And then you have people able to express and derive complex theoretical
relationships by manipulating mathematical symbols, or automate processes by
programming machines, or capable of utilizing their spatial visualization to
massively boost their memory. We _invented_ that stuff. We know artificial
intelligence is capable of inventing stuff because we are.

The author seems hilariously unaware of the fact that humans can learn to
solve/optimize many arbitrary problems. Like, holy shit, have you ever played
video games?

> In practice, geniuses with exceptional cognitive abilities usually live
> overwhelmingly banal lives, and very few of them accomplish anything of
> note.
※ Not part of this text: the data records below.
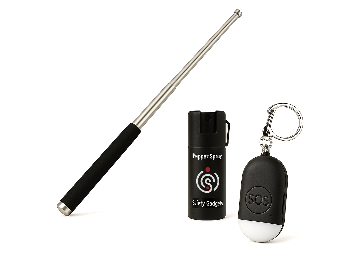 A powerful, travel-friendly combo featuring an expandable baton, strong pepper spray, and a loud alarm keychain—giving you fast, reliable defense in any situation.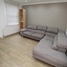 Laminate flooring, large corner sofa.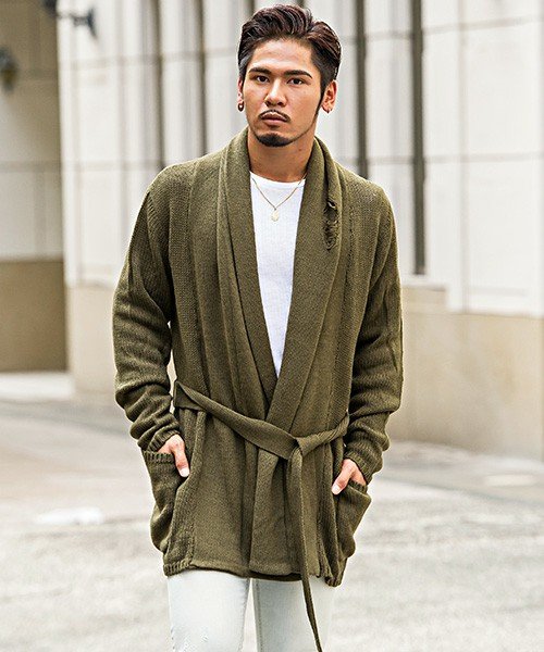 CavariA【キャバリア】ダメージ編みショールカラーカーディガン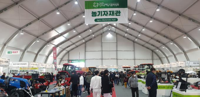 농기자재관은 농업의 신기술을 보여주는 첨단 농업용 드론 전시와 우수한 기술력을 보유한 항공방제용 무인헬기 등을 전시하고, 국내 중소형 생활밀착형 농기계 전시 등의 신기술도 선보여 관람객과 농업인들의 관심을 집중시켰다.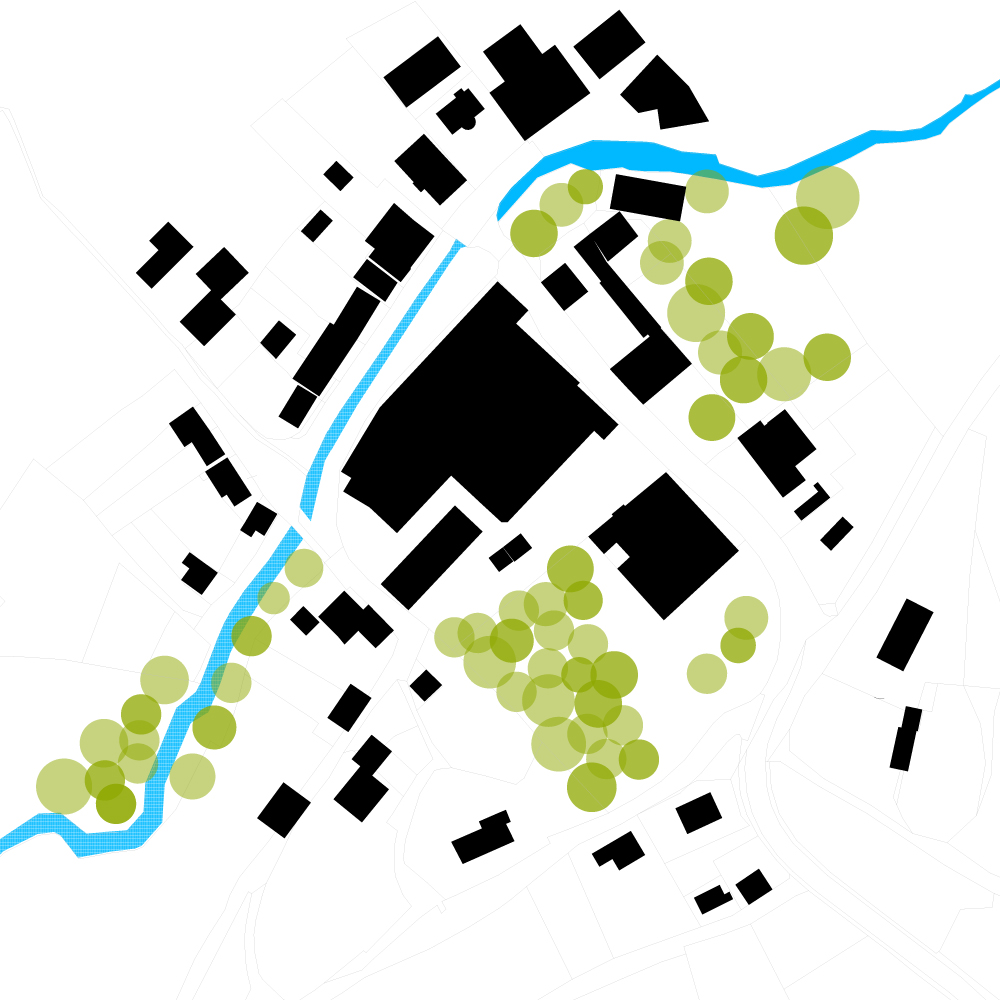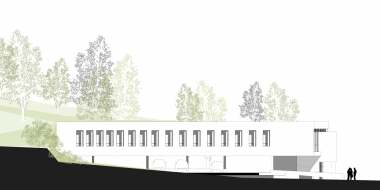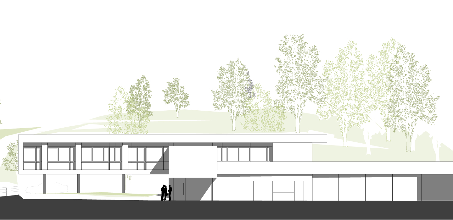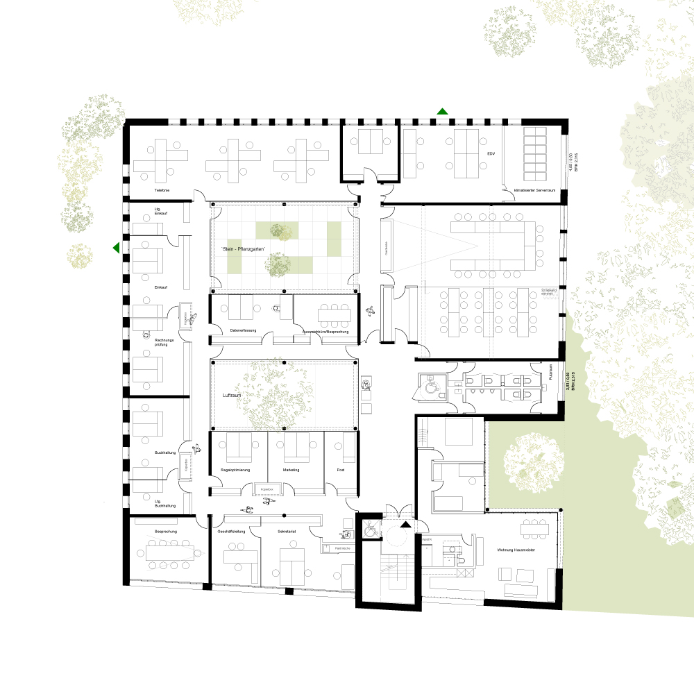 Die Hauptverwaltung eines modernen Logistikunternehmens soll in eine schwierige Topographie und ein denkmalgeschütztes Ortsbild integriert werden. Durch Eingraben in den Hang, der über das Dach des neuen Gebäudes wachsen wird und Anordnung der KFZ Stellplätze unter diesem Gebäude, orientiert sich die Nutzung, im Wesentlichen, nach Innen auf die begrünten Innenhöfe.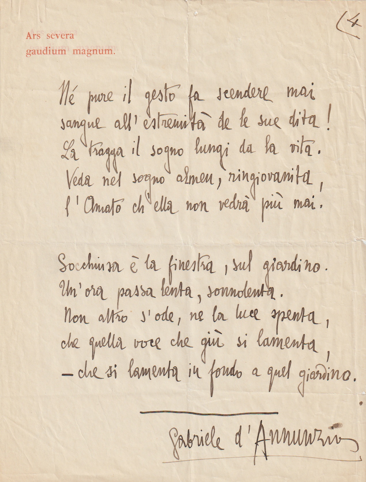 Les manuscrits poétiques de d’Annunzio sont particulièrement rares.

Of the people who have attempted to take over the world, hardly any
> seem to have had an exceptional intelligence.

The author conflates intelligence and purpose. Being smart doesn't imply the
motivation to accomplish grand things. In fact, we're biologically hardwired
to enjoy entirely mundane things: food, sex, love, relaxation, conversation.

> A single human brain, on its own, is not capable of designing a greater
> intelligence than itself. (...) Will the superhuman AIs of the future,
> developed collectively over centuries, have the capability to develop AI
> greater than themselves? No, no more than any of us can.

Human brains don't scale vertically (or otherwise). Meanwhile, once you have a
satisfactory facial recognition algorithm, you can run it to recognize faces
in a video at 1000x realtime speed, or in 1000 simultaneous realtime streams.
The AI doesn't even have to be smarter than human! 1000 dumb humans
communicating at gigabit speeds and solving problems while you're wondering
what to have for lunch is a force to be reckoned with.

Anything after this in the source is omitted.